Ни троцкисты, ни Каменев с Зиновьевым не поддерживали эти идеи. Они сомневались в том, что, как говорил Зиновьев, «можно ли окончательно построить социализм и закрепить социалистический строй в одной стране, и притом не в такой стране, как Америка», без «завершения строительства социализма в международном масштабе». Они также считали, что НЭП уже выполнил свои задачи и пора усилить давление на крестьянство, чтобы государство получило средства для скорейшей индустриализации как главного условия построения социализма. НЭП, по их словам, создает условия для оживления буржуазных слоев. В партию вместе с «духом НЭПа» проникают «буржуазные идеи», и время от времени наблюдается «отход от марксизма» — как в случае выдвижения теории о построении социализма в одной, отдельно взятой стране.
Вскоре после партконференции Зиновьев опубликовал в «Правде» статью «Философия эпохи». В ней он критиковал имущественное неравенство, которое, по его словам, с введением НЭПа все усиливалось и усиливалось, а воззрения Бухарина называл «мелкобуржуазными». Однако Пленум ЦК 23–30 апреля одобрил именно «правый» курс Сталина и Бухарина. Вообще, любопытно, как стремительно меняли свои политические позиции партийные руководители. Бухарин, «левый коммунист» в 1918 году, теперь стал «правым». «Правый» в 1917 году Каменев все больше смещался вместе с Зиновьевым «влево», к Троцкому. Троцкий, который когда-то стоял между меньшевиками и большевиками, вообще оказался на самом «левом» фланге. Ну а «правоцентрист» Сталин середины 20-х годов в начале 30-х оказался уже «левее» самого Троцкого.
Вторая проблема была в борьбе за власть между членами «тройки». Каменев и Зиновьев постепенно начинали чувствовать, что Сталин все больше и больше отодвигает их на второй план. Он был «своим» для партийного аппарата, для которого теория «построения социализма в одной стране» подходила куда больше, чем беспокойные интернационалистские амбиции его конкурентов.

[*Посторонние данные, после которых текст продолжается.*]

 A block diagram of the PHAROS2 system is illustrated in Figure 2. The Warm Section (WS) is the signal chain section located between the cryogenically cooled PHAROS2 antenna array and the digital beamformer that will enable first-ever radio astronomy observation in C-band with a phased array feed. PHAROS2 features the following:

Складывающаяся оппозиция под руководством Зиновьева и Каменева опиралась на ленинградскую партийную организацию. Поэтому ее в итоге и назвали «ленинградской оппозицией». Зиновьев сумел сохранить в Ленинграде немало преданных себе людей. В отличие от Каменева, который раньше активно «чистил» московский партийный аппарат от троцкистов, а когда сам перешел в оппозицию, то вдруг выяснилось, что, как злорадно писал Троцкий, «рядовая масса московских коммунистов угрюмо молчала», и «при первых попытках сопротивления Сталину Каменев повис в воздухе». Так что оппозиция организовывалась на основе ленинградцев. К ним и примкнул Каменев, а еще — Крупская и Георгий Сокольников.

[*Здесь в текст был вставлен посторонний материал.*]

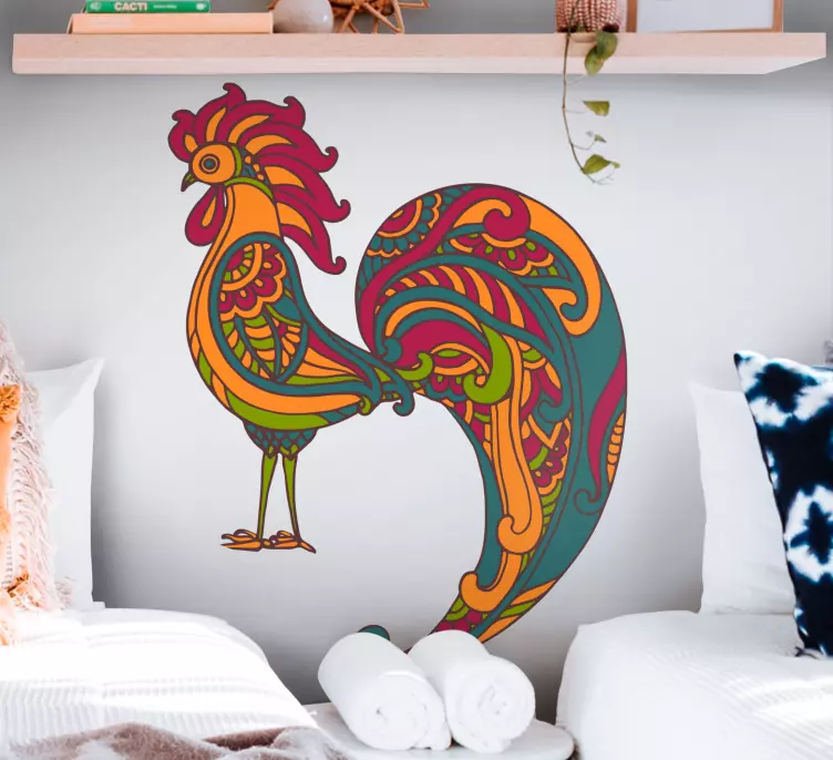 Descubre el vibrante mundo del arte decorativo con nuestro Vinilo animal de granja diseño gallo colorido. Este impresionante diseño presenta una silueta de gallo étnico, adornado con elementos floridos que evocan la esencia de la vida en la granja. Su paleta de colores vibrantes añade un toque de alegría y vitalidad a cualquier espacio, convirtiéndolo en una pieza central que cautivará todas las miradas.

На XIV съезде партии в декабре 1925 года с отчетом ЦК впервые выступил Сталин, с содокладом от оппозиции — Зиновьев. Впрочем, он в основном критиковал Бухарина, то и дело ссылаясь при этом на Ленина. Каменев должен был выступить с докладом «Очередные вопросы хозяйственного строительства», но доклад отменили, так как «тов[арищ] Каменев не выражает линию Центрального Комитета». Однако он все же выступил, и его выступление, состоявшееся 21 декабря (как раз в день рождения Сталина!), взорвало более или менее спокойное течение съезда. Каменев заявил, что в партии «начинает складываться теория, которую мы находим принципиально неправильной и направляющей партию по неправильному пути». «Вы можете нас за это обругать, можете наказать; можете открыть по нам огонь, можете сказать, что мы — очень плохие люди, но это не остановит нас перед тем, чтобы сказать, в чем, по-нашему, заключается та ошибка, на которую партию пытаются толкнуть, чтобы сказать, кто пытается партию на этот неправильный путь толкнуть», — сказал Каменев. Чем дальше он говорил, тем больше его выступление пытались прервать криками с места. До его выступления зал вел себя гораздо спокойнее. «Товарищи, до тех пор, пока я стою на этой трибуне, вы меня не заставите замолчать, как бы громко ни кричала кучка товарищей», — парировал Каменев.